FIRST AMENDMENT TO CREDIT AGREEMENT AND LOAN DOCUMENTS

EX-10.1 2 exhibit101firstamendmentto.htm EXHIBIT 10.1 Exhibit

FIRST AMENDMENT TO CREDIT AGREEMENT AND LOAN DOCUMENTS

THIS FIRST AMENDMENT TO CREDIT AGREEMENT AND LOAN DOCUMENTS ("Amendment") is executed as of October 28, 2016 by and between the financial institutions signatory hereto (individually a “Lender,” and collectively the “Lenders”), CITIZENS BANK, NATIONAL ASSOCIATION, a national banking association, as Administrative Agent for the Lenders (in such capacity, the “Agent”), UNIQUE FABRICATING NA, INC., a Delaware corporation ("US Borrower") and UNIQUE-INTASCO CANADA, INC., a corporation organized under the laws of the province of British Columbia ("CA Borrower", called together with US Borrower, the "Borrowers" and each of them referred to herein as a "Borrower").

RECITALS

WHEREAS, Borrowers, Agent and the Lenders are party to a Credit Agreement dated April 29, 2016 (as amended from time to time, the "Agreement") providing terms and conditions governing certain loans and other credit accommodations extended and to be extended by the Lenders and/or Agent to Borrowers, together with various other documents, written agreements, certificates and instruments between Agent, Lenders, Borrowers and/or Guarantors in connection therewith (the foregoing, as amended or modified from time to time, are collectively referred to herein as the "Loan Documents"); and

WHEREAS, Borrowers, Lenders and Agent desire to make certain amendments and modifications to the Agreement and Loan Documents.

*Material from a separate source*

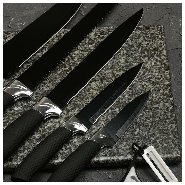 Набор кухонных ножей с овощечисткой Доляна «Супер-блек» 6 предметов, антиналипающее покрытие, цвет черный

NOW, THEREFORE, IT IS HEREBY AGREED by Borrowers, Agent and Lenders, that the Agreement is hereby amended as follows:

1.Defined Terms. In this Amendment, capitalized terms used without separate definition shall have the meanings given them in the Agreement.
2.    Amendments to Agreement.
(a)    The following definitions are hereby amended and restated in their entirety under, or added to, Section 1.1 of the Agreement, as applicable, to read as follows:
"Asset Sale" shall mean the sale, transfer or other disposition by any Credit Party of any asset to any Person (other than to Borrowers or a Guarantor), but shall exclude: (i) the sale by Unique-Presco of the Tennessee Property; and (ii) sales of Supplier Accounts pursuant to Supplier Agreements.
"Domestic Subsidiary" shall mean any Subsidiary of US Borrower organized under the laws of a state included in the United States.
"First Amendment Effective Date" shall mean the date on which the conditions to effectiveness of that certain First Amendment to Credit Agreement and Loan Documents between the Borrowers, Lenders and Agent have been met to the satisfaction of such successor Agent.
"Supplier Accounts" shall mean all of the Accounts generated by a Borrower or a Domestic Subsidiary to any particular Account Debtor or its Affiliates, to the extent such Borrower or Domestic Subsidiary has entered a Supplier Agreement with respect to any of such Account Debtor's Accounts.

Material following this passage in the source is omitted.